- WORK ITEM: Below are records with pictures in them. Transcribe everything from the line containing "ゆったりとしたサイズ感はリラ" down to the line containing "К приведенным уравнениям", exactly, and leave the pictures behind.

- DATA EXTRACT:
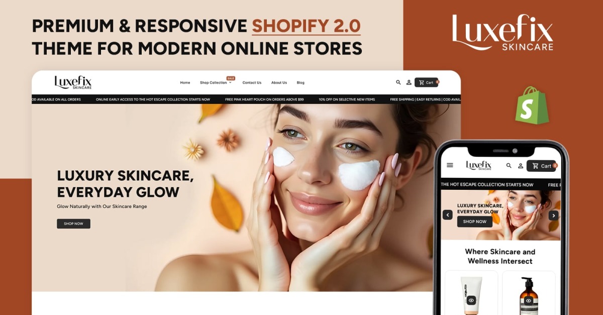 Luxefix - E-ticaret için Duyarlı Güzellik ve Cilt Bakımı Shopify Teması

==

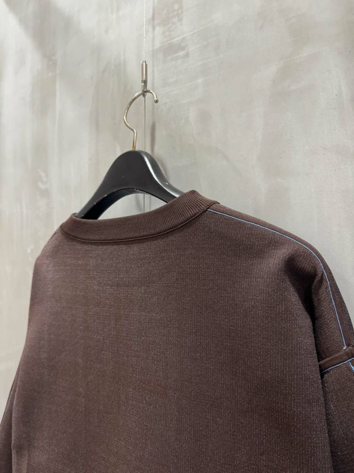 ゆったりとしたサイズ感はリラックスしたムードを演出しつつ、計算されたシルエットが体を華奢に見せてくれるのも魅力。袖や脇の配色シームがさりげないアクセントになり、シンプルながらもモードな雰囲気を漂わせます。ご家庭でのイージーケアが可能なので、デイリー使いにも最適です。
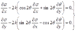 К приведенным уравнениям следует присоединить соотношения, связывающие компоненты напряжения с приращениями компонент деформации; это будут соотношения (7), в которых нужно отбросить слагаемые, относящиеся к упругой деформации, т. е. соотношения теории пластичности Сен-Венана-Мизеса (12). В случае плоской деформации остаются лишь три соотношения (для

* * *

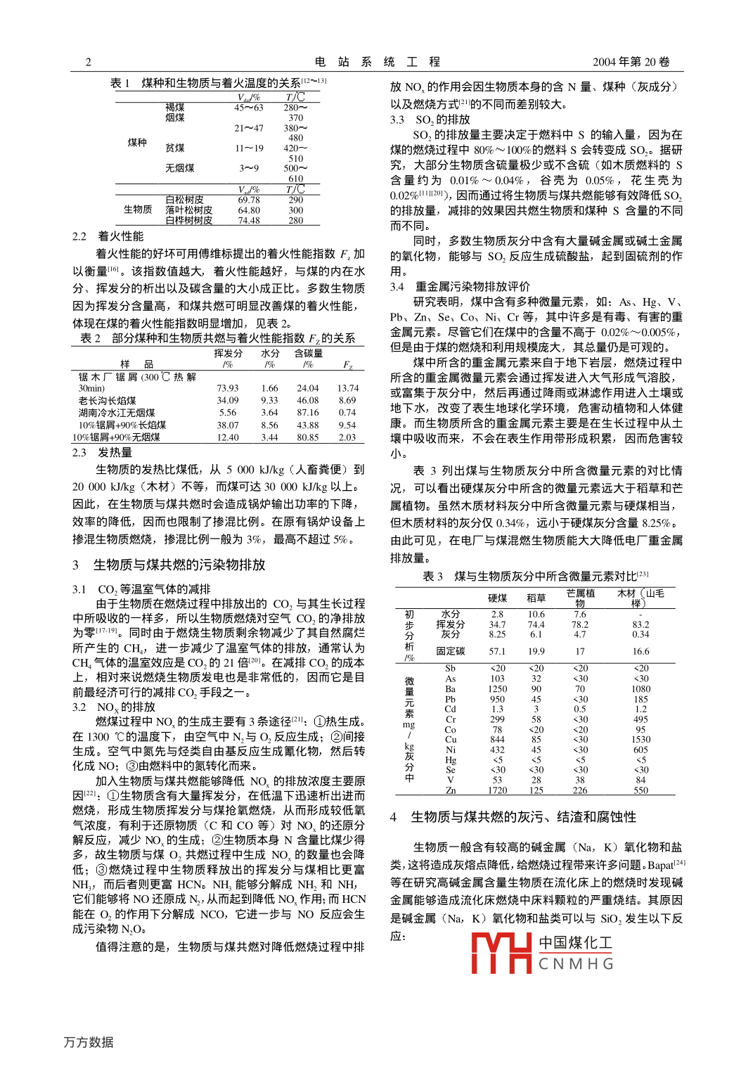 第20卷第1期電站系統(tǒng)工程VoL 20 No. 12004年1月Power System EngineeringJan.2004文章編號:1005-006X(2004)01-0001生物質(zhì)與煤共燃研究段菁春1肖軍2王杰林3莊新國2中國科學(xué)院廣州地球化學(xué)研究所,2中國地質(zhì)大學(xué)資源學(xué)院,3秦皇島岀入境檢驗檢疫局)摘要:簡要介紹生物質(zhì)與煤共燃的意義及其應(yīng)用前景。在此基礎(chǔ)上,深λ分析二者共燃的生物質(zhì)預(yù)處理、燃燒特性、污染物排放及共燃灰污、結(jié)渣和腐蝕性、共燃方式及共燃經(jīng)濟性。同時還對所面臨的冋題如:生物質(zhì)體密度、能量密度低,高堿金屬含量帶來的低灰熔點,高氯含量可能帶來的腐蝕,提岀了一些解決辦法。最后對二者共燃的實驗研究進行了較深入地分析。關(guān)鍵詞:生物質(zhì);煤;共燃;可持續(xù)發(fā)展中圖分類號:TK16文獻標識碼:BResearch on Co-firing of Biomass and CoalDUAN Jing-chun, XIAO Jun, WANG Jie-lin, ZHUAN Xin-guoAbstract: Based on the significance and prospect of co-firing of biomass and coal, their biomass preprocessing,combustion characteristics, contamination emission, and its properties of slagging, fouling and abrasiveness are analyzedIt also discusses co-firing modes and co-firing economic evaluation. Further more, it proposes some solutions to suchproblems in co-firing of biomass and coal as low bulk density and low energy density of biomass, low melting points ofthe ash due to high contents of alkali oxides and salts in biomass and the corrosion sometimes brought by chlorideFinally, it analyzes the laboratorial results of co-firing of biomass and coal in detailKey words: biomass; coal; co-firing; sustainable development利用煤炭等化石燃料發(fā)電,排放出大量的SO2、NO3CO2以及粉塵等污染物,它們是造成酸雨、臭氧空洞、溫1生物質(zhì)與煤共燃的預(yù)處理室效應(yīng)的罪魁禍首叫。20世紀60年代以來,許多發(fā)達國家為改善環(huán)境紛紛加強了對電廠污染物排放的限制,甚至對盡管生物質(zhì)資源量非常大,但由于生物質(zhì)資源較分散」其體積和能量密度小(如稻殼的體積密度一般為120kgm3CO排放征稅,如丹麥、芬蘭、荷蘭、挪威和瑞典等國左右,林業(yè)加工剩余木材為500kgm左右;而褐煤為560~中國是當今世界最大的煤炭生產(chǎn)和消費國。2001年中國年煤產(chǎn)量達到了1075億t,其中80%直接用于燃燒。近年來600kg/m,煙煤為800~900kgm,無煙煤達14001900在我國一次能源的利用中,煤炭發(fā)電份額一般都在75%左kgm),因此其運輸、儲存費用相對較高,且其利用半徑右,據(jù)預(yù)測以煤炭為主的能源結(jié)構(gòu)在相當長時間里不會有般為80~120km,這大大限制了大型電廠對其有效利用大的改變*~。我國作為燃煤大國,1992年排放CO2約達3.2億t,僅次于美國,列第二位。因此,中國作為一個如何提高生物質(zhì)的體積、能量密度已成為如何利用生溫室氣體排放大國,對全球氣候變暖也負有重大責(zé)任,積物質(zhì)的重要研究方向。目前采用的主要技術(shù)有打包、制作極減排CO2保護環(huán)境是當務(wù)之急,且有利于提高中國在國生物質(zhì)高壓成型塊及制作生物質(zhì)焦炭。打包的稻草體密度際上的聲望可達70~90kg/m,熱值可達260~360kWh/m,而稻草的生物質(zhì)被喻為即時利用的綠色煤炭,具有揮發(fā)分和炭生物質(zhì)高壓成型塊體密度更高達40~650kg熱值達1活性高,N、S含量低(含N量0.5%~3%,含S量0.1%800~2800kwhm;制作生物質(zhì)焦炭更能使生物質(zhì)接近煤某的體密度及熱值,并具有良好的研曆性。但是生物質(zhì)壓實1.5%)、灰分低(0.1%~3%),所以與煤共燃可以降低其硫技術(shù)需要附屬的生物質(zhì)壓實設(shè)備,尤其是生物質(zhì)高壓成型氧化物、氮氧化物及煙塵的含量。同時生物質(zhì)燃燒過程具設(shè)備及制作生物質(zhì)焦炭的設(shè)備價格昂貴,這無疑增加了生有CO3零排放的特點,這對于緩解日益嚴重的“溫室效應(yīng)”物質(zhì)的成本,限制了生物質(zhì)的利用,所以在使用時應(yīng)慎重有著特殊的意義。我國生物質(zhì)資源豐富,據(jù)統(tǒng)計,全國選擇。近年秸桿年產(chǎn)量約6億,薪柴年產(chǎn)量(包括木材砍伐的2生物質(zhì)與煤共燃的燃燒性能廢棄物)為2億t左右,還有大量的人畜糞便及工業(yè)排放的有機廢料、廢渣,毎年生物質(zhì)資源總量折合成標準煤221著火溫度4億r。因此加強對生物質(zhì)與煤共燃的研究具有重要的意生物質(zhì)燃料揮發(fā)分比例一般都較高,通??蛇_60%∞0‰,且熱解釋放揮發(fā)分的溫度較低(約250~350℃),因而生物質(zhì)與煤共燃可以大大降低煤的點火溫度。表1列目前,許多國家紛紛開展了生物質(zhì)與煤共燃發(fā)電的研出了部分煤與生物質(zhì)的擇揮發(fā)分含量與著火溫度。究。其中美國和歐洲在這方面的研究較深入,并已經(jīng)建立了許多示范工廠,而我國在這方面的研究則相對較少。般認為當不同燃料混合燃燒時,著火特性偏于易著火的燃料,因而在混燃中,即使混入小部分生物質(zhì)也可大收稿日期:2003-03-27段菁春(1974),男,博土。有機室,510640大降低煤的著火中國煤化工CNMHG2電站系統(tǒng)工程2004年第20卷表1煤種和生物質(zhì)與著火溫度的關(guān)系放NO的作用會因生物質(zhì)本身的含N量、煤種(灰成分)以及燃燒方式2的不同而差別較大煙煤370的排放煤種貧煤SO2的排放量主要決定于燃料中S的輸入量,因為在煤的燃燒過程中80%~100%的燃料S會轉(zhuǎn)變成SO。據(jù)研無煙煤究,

- SOLUTION:
 ゆったりとしたサイズ感はリラックスしたムードを演出しつつ、計算されたシルエットが体を華奢に見せてくれるのも魅力。袖や脇の配色シームがさりげないアクセントになり、シンプルながらもモードな雰囲気を漂わせます。ご家庭でのイージーケアが可能なので、デイリー使いにも最適です。
 К приведенным уравнениям следует присоединить соотношения, связывающие компоненты напряжения с приращениями компонент деформации; это будут соотношения (7), в которых нужно отбросить слагаемые, относящиеся к упругой деформации, т. е. соотношения теории пластичности Сен-Венана-Мизеса (12). В случае плоской деформации остаются лишь три соотношения (для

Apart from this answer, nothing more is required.